In some embodiments, as a unified design scheme for both single DCI schemes and multiple DCI schemes in a multiple TRP transmission, a UE may determine one of the TRPs and/or a unified TCI state corresponding to the one TRP as a reference TRP and/or a reference unified TCI state in the multiple DCI scheme, wherein a corresponding ACK of the reference TRP and/or the unified TCI state may be used to define a new beam application time. The reference TRP and/or unified TCI state may be semi-statistically configured or dynamically indicated/updated to the UE, or some embodiments may use specific rules to indicate the reference TRP and/or unified TCI state, such as CORESETPoolIndex, TCI state pool index, TCI state ID, or even the (e.g., minimum, maximum, first, specific) order of source resource IDs based on the indicated TCI state. In some embodiments, the beam application time may be defined as at least Y symbols after a last symbol of a last ACK among all ACKs corresponding to the plurality of DCIs. In all of the above schemes, if the MAC CE activates only a single TCI code point, the new beam application time may follow the rel.16 application timeline for MAC CE activation.
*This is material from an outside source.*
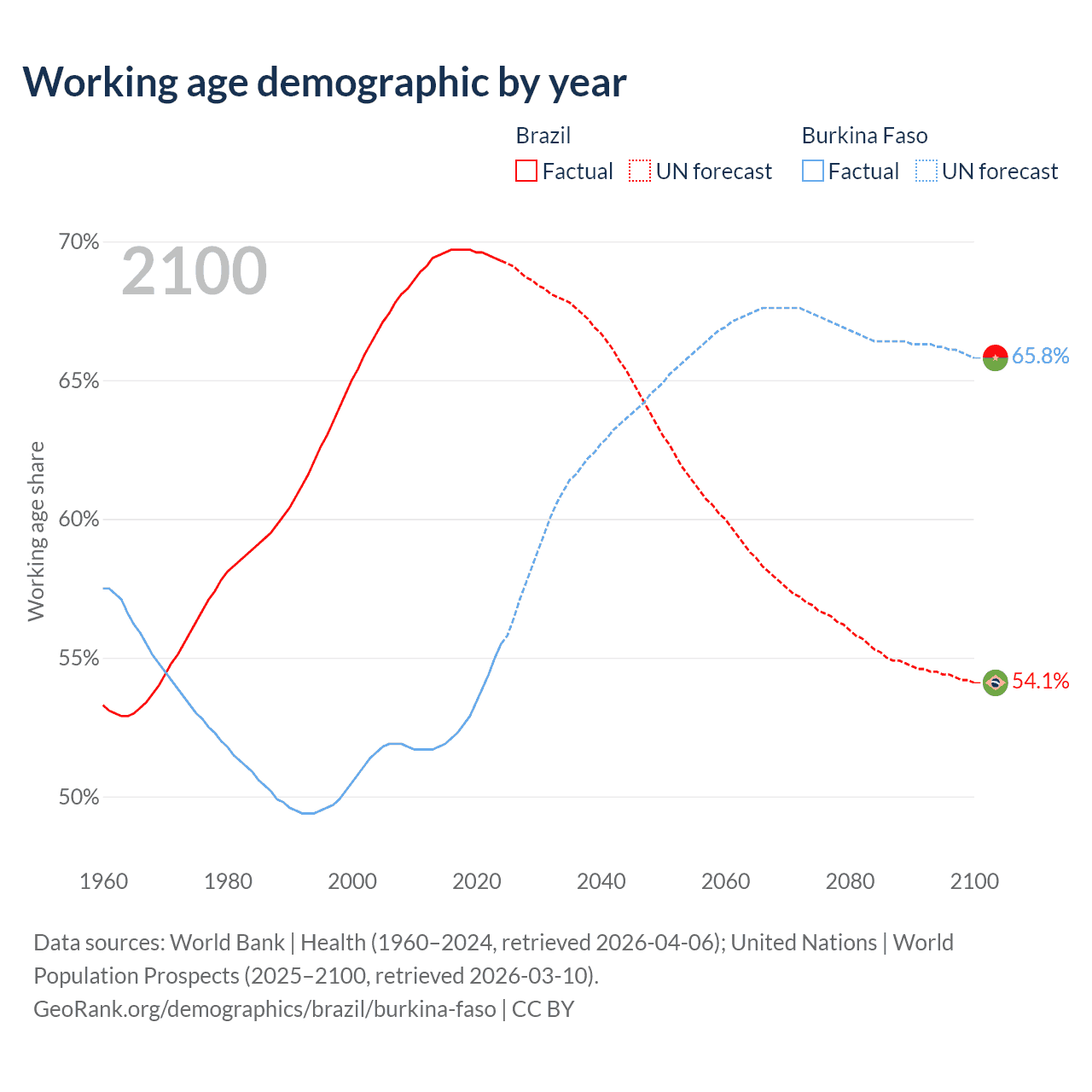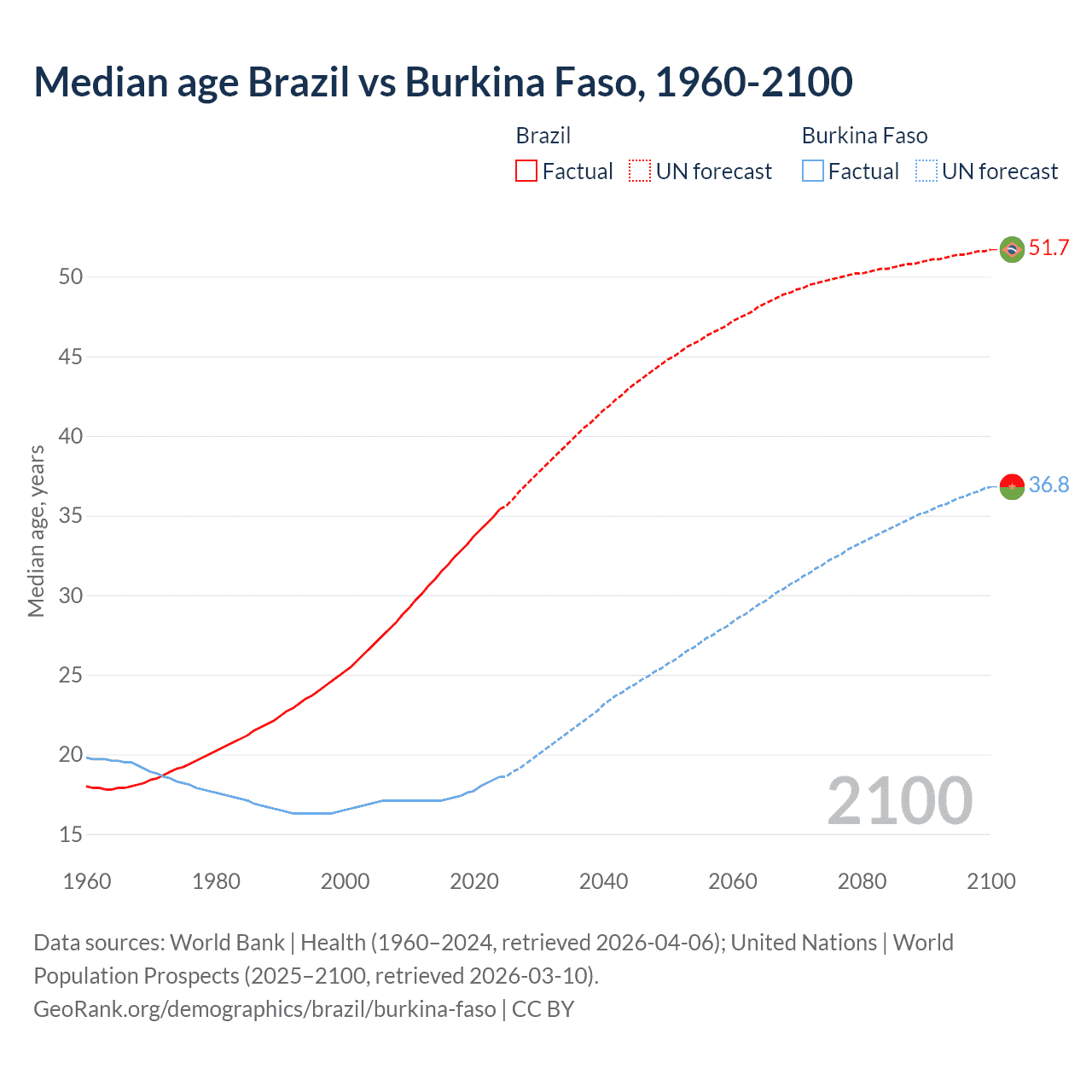 Median age Brazil vs Burkina Faso, 1960-2100

In some embodiments, for both single TRP transmission schemes and multi TRP transmission schemes, the unified TCI state(s) indicated by the scheduling DCI may be applied to the reception of the scheduled PDSCH (even before the beam application time) when the scheduling offset between the scheduling DCI and the scheduled PDSCH is greater than the timeduration forqcl threshold. Fig. 10 shows an example of this behavior, in which a beam to be used for receiving the PDSCH 4 (1002) is the TCI state (F, G) indicated by the scheduling multi-TRP DCI 4 (1001), and a beam to be used for receiving the PDSCH 6 (1004) is the TCI state (I) indicated by the scheduling single TRP DCI 6 (1003). For any other target channel/RS, the UE may apply these indicated unified TCI state(s) after the beam application time, as previously discussed.

Default beam notes

Ambiguity with respect to the default beam for transmission may occur when the TCI field is not present in the DCI for the multi-TRP transmission. In some embodiments, when the TCI field is not present in the DCI of the multi-TRP transmission, the default beam may be determined based on the TCI state of the lowest MAC CE code point among the MAC CE code points having two TCI states. Extending a unified TCI framework for multi-TRP transmission, for a single DCI scheme or for a multi-DCI scheme with the same single code point indication across all TRPs (i.e., a single code point maps to all unified TCI states), a UE may determine a default unified TCI state as the TCI state of the lowest MAC CE code point among MAC CE code points mapped to multiple unified TCI states (e.g., multiple joint DL/UL TCI states, multiple pairs of DL TCI states and UL TCI states, or multiple joint DL/UL TCI states and multiple pairs of combinations of DL TCI states and UL TCI states). In some embodiments, for a multi-DCI scheme, if any other corresponding DCI exists a TCI field, the default beam may be determined by the indicated unified TCI state of that DCI. In a multi-DCI scheme with a code point indication design for each TRP alone, a default beam may be determined based on the TCI state of the lowest CORESET index among CORESET indexes configured with a uniform TCI state.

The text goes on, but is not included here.